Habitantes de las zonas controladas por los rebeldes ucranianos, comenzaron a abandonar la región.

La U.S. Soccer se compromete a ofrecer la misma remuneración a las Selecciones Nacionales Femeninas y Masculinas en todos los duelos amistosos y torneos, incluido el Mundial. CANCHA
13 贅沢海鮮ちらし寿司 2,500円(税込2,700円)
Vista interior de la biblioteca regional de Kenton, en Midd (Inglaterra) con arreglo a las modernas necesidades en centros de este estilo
# # # # # # #
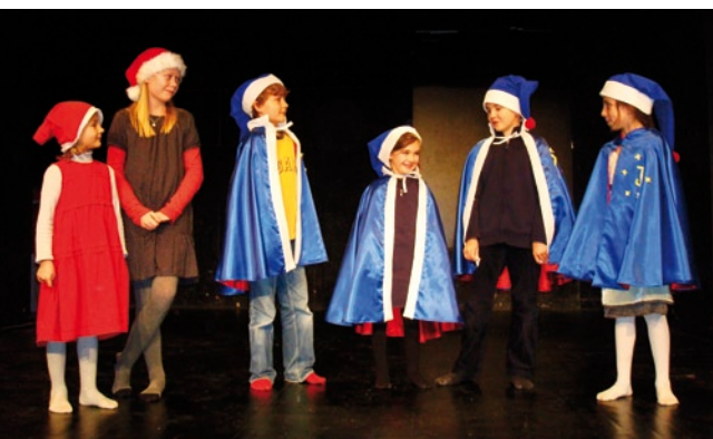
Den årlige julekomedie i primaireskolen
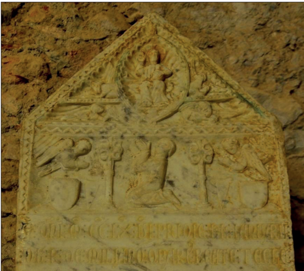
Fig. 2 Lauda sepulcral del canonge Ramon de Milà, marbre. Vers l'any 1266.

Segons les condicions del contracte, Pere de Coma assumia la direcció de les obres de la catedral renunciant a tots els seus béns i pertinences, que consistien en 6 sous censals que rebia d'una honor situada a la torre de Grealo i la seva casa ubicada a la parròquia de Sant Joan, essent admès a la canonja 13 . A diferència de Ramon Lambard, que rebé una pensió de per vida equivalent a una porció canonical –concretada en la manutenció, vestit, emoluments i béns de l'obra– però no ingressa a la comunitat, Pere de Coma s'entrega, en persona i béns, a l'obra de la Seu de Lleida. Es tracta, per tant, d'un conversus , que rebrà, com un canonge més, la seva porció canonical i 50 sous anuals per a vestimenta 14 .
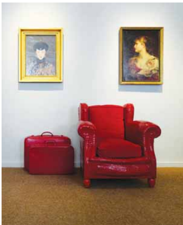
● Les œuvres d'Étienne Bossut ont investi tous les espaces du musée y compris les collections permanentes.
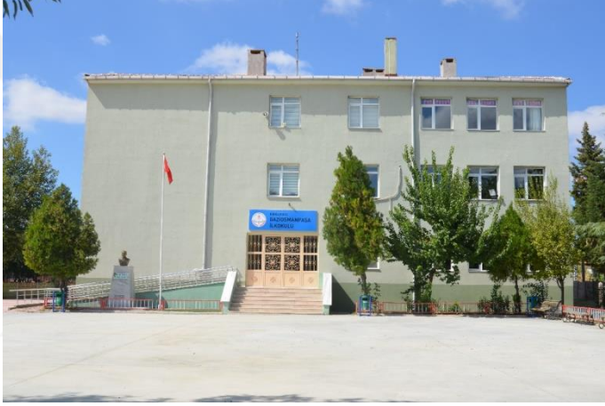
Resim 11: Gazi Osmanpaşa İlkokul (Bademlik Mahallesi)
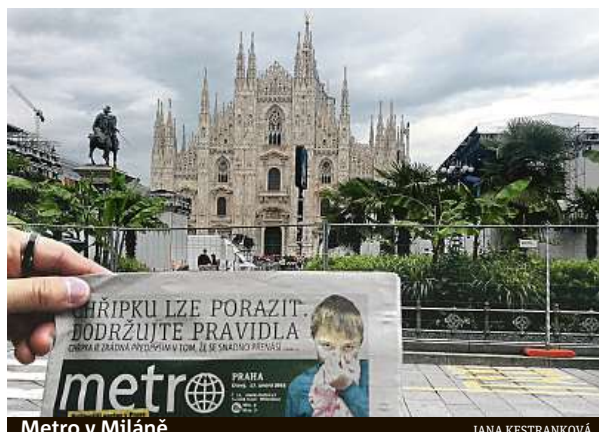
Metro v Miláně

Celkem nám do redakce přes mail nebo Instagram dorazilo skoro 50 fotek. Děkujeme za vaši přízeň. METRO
# # # # # # #
Work required = Set down only the lines above that fall between the line holding "13 贅沢海鮮ちらし寿司 2,500円(税込2,700円)" and the line holding "Vista interior de", inclusive, keeping each exact.

Result of the task =
13 贅沢海鮮ちらし寿司 2,500円(税込2,700円)
Vista interior de la biblioteca regional de Kenton, en Midd (Inglaterra) con arreglo a las modernas necesidades en centros de este estilo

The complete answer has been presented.